Are Blueland’s Cleaning Products As Effective As They Are Eco-Friendly?
Blueland’s Cleaning Products Can Be Refilled To Eliminate Plastic. Will We Be Ordering Refills?
This review is not sponsored and contains the author’s personal experience. The Good Trade was gifted this product.
Cleaning calms me. I make a point of tidying my apartment every evening to ensure I start the next morning with a clear head. And working from home the last 19 months, I’ve noticed that I can only truly focus when I clear the dog-haired dust bunnies from their corners; having them in my periphery only distracts me!
I’ve swept, shampooed, and Swiffered my floors and rugs, taken soft sponges and bristled brushes to my dishes, and wiped my space’s surfaces with paper towels, upcycled T-shirts, and reusable cloths made of viscose.

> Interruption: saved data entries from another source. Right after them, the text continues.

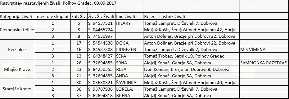 Obiskovalci, predvsem pa rejci so nestrpno pričakovali rezultate ocenjevanja krav po posameznih kategorijah – plemenske telice, prvesnice ter mlajše in starejše krave. Razglasitev rezultatov je bila tudi osrednji dogodek prireditve. Najmlajši so popestrili prireditev kot vodniki telet. Predsednik govedorejskega društva Matjaž Košir jim je za spodbudo podaril male zvončke, prisotni pa velik aplavz. Kmetje so lahko in morajo biti ponosni na svoje delo in uspehe. Organizatorji in udeleženci razstave so se odlično odrezali, prav tako pa tudi obiskovalci, ki so pokazali veliko zanimanje za dogodke, pohvalili prireditev in dali tako spodbudo kmetom, rejcem, ne nazadnje pa tudi strokovnim službam za njihovo delo.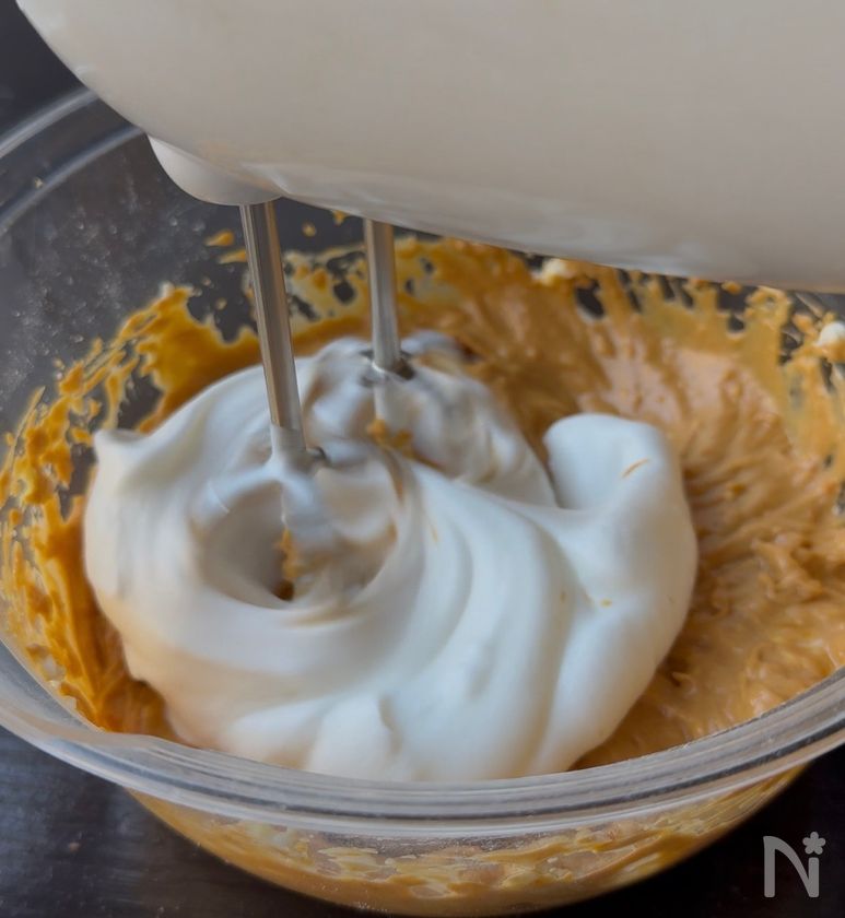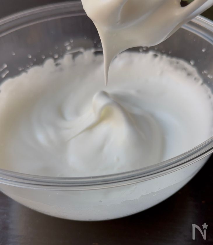 卵白の泡立ては緩くお辞儀する程度です。立てすぎないように気をつけてください。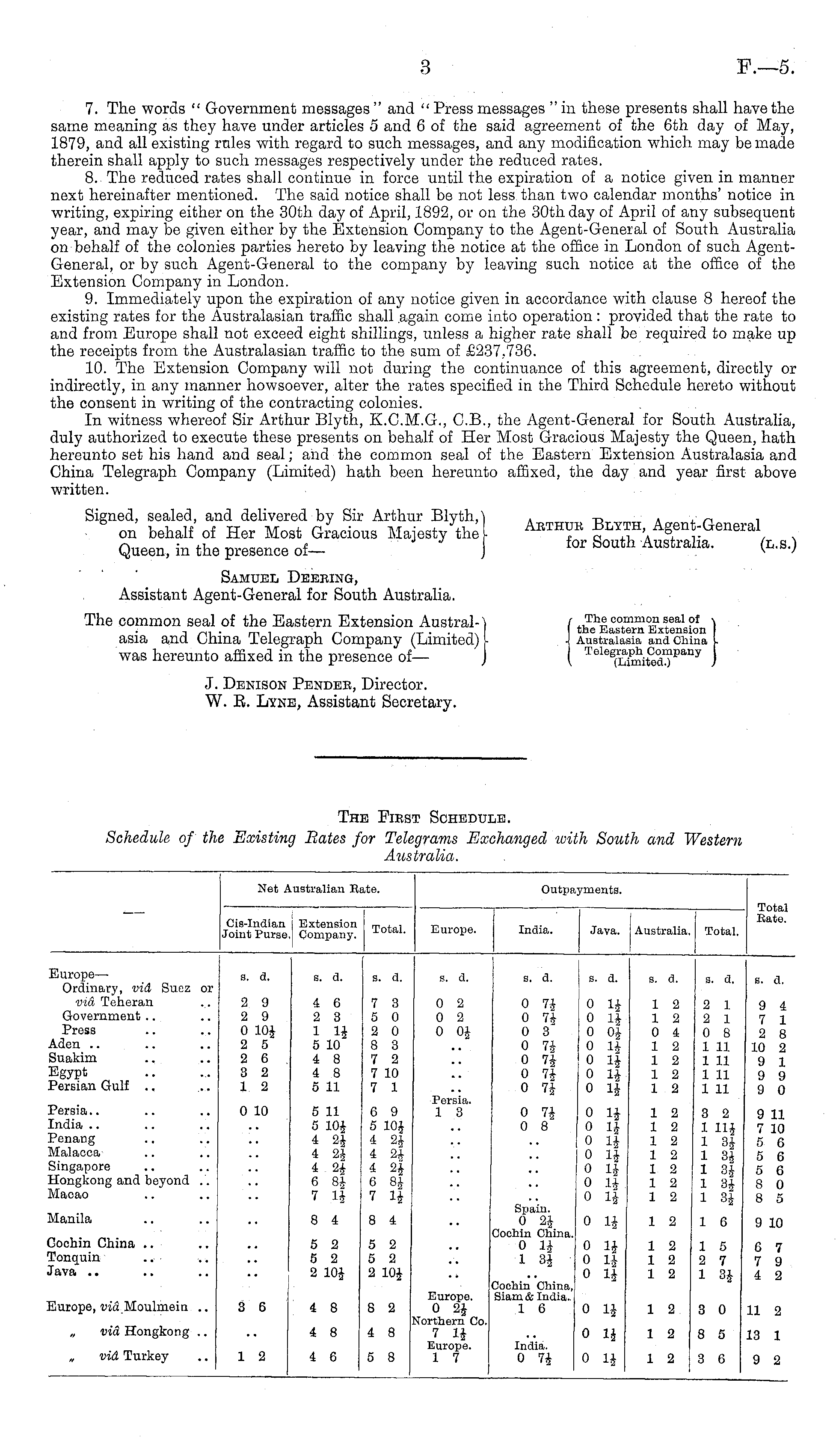 7. The words " Government messages " and " Press messages " in these presents shall have the same meaning as they have under articles 5 and 6 of the said agreement of the 6th day of May, 1879, and all existing rules with regard to such messages, and any modification which may be made therein shall apply to such messages respectively under the reduced rates. 8. The reduced rates shall continue in force until the expiration of a notice given in. manner next hereinafter mentioned. The said notice shall be not less than two calendar months' notice in writing, expiring either on the 30th day of April, 1892, or on the 30th day of April of any subsequent year, and may be given either by the Extension Company to the Agent-General of South Australia on behalf of the colonies parties hereto by leaving the notice at the office in London of such AgentGeneral, or by such Agent-General to the company by leaving such notice at the office of the Extension Company in London. 9. Immediately upon the expiration of any notice given in accordance with clause 8 hereof the existing rates for the Australasian traffic shall .again come into operation: provided that the rate to and from Europe shall not exceed eight shillings, unless a higher rate shall be required to make up the receipts from the Australasian traffic to the sum of £237,736. 10. The Extension Company will not during the continuance of this agreement, directly or indirectly, in any manner howsoever, alter the rates specified in the Third Schedule hereto without the consent in writing of the contracting colonies. In witness whereof Sir Arthur Blyth, K.C.M.G., C.8., the Agent-General for South Australia, duly authorized to execute these presents on behalf of Her Most Gracious Majesty the Queen, hath hereunto set his hand and seal; and the common seal of the Eastern Extension Australasia and China Telegraph Company (Limited) hath been hereunto affixed, the day and year first above written. Signed, sealed, and delivered by Sir Arthur Blyth, ) . -o . , , on behalf of Her Most Gracious Majesty the AbTH ? E Blyth A gen -General Queen, in the presence of- f for South Australia. (1.5.) Samuel Deering, Assistant Agent-General for South Australia. The common seal of the Eastern Extension Austral-) t t^^tOT^fcSSSif&i asia and China Telegraph Company (Limited) [ \ Australasia ana china . was hereunto affixed in the presence of— j ( TA6 %^s£§** ay J. Denison Bender, Director. W. B. Lyne, Assistant Secretary.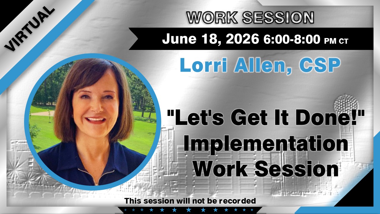 NSA-NT - Implementation Work Session"Let's Get It Done!" with Lorri Allen, CSP

While my place may be left sparkling, the end result is often a lot of plastic spray bottles, capped containers, and resealable pouches. So it’s unsurprising that I was drawn to Blueland’s business model.
The cleaning supplies company (with options to subscribe) makes eco-friendly products that save space and create less waste. You buy the packaging once and refill it forever.
Wanting to try all Blueland had to offer, I ordered the Clean Suite ($83 once, or $74 with subscription). The comprehensive collection includes the containers and dissolving tablets for Blueland’s hand soap, dish soap, dishwasher detergent, laundry detergent, bathroom cleaner, glass and mirror cleaner, and multi-surface cleaner. I also got the Cleaning Companions, a sponges-and-cloth combo, for $14. (The brand has since launched toilet cleaning tablets, too. One of our editors has tested, and she can vouch that they are great.)
Delivery day took me right back to science class. The products arrived in a recyclable box printed with water-based inks and secured with paper-based tape. The pastel-colored containers included glass and BPA-free Tritan bottles, humidity-free steel tins, and a slip-resistant silicone shaker. The refill tablets came wrapped in compostable paper, and everything was clearly labeled and color-coordinated so as not to mix them up.
For the hand soap (nine oz.) and spray cleaners (24 oz.), you simply fill the bottles with warm or hot water, drop the tablet, wait for it to dissolve and start cleaning. (I missed the note about the water temperature and used cold; I don’t think this had any effect on the product itself, but the dissolving did happen much slower than I expected, so I get an ‘A’ for effort.) The laundry and dishwashing detergents—60 and 40 tablets, respectively—require nothing but a toss in their machines!
The dish soap, however, gave me the most pause. Having never used a powder before (this one is naturally derived and fragrance-free), I wasn’t sure what its ratio to water was in order to create a substantial amount of suds. I found that I had more luck shaking the product directly onto my dirty dishes than onto the sponge (where adding water to the powder simply turned it into a mound of paste).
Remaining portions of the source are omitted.